Exercise data
+ + + +

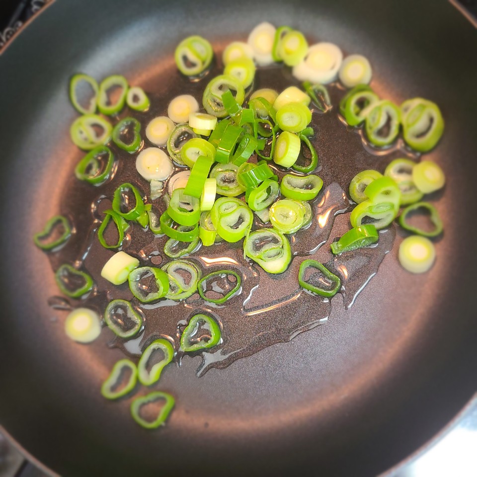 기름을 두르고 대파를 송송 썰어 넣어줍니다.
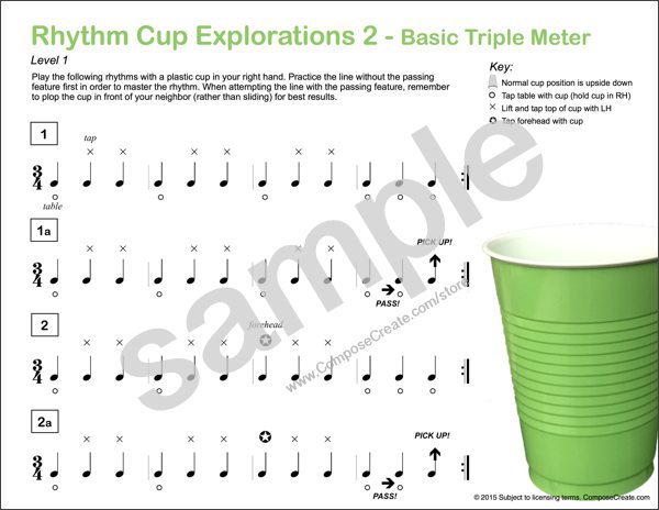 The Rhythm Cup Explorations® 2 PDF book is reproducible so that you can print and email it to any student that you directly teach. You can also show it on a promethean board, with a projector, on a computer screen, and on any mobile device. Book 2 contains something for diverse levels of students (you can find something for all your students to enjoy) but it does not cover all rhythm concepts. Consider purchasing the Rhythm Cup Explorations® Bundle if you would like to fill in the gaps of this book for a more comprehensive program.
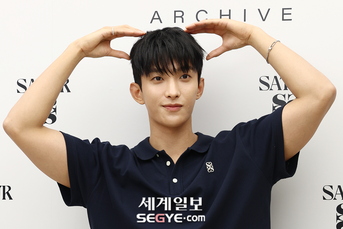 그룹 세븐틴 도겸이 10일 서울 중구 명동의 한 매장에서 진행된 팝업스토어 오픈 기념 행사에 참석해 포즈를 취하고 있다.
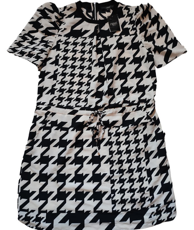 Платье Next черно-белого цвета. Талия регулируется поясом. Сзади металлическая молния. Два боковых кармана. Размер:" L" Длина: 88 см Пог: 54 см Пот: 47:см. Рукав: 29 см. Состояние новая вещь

+ + + +

Directions
No pictures should appear in the copy. Print exactly the lines above from the line containing "The Rhythm Cup Explorations® 2" through the last line of the data.

Exercise result
 The Rhythm Cup Explorations® 2 PDF book is reproducible so that you can print and email it to any student that you directly teach. You can also show it on a promethean board, with a projector, on a computer screen, and on any mobile device. Book 2 contains something for diverse levels of students (you can find something for all your students to enjoy) but it does not cover all rhythm concepts. Consider purchasing the Rhythm Cup Explorations® Bundle if you would like to fill in the gaps of this book for a more comprehensive program.
 그룹 세븐틴 도겸이 10일 서울 중구 명동의 한 매장에서 진행된 팝업스토어 오픈 기념 행사에 참석해 포즈를 취하고 있다.
 Платье Next черно-белого цвета. Талия регулируется поясом. Сзади металлическая молния. Два боковых кармана. Размер:" L" Длина: 88 см Пог: 54 см Пот: 47:см. Рукав: 29 см. Состояние новая вещь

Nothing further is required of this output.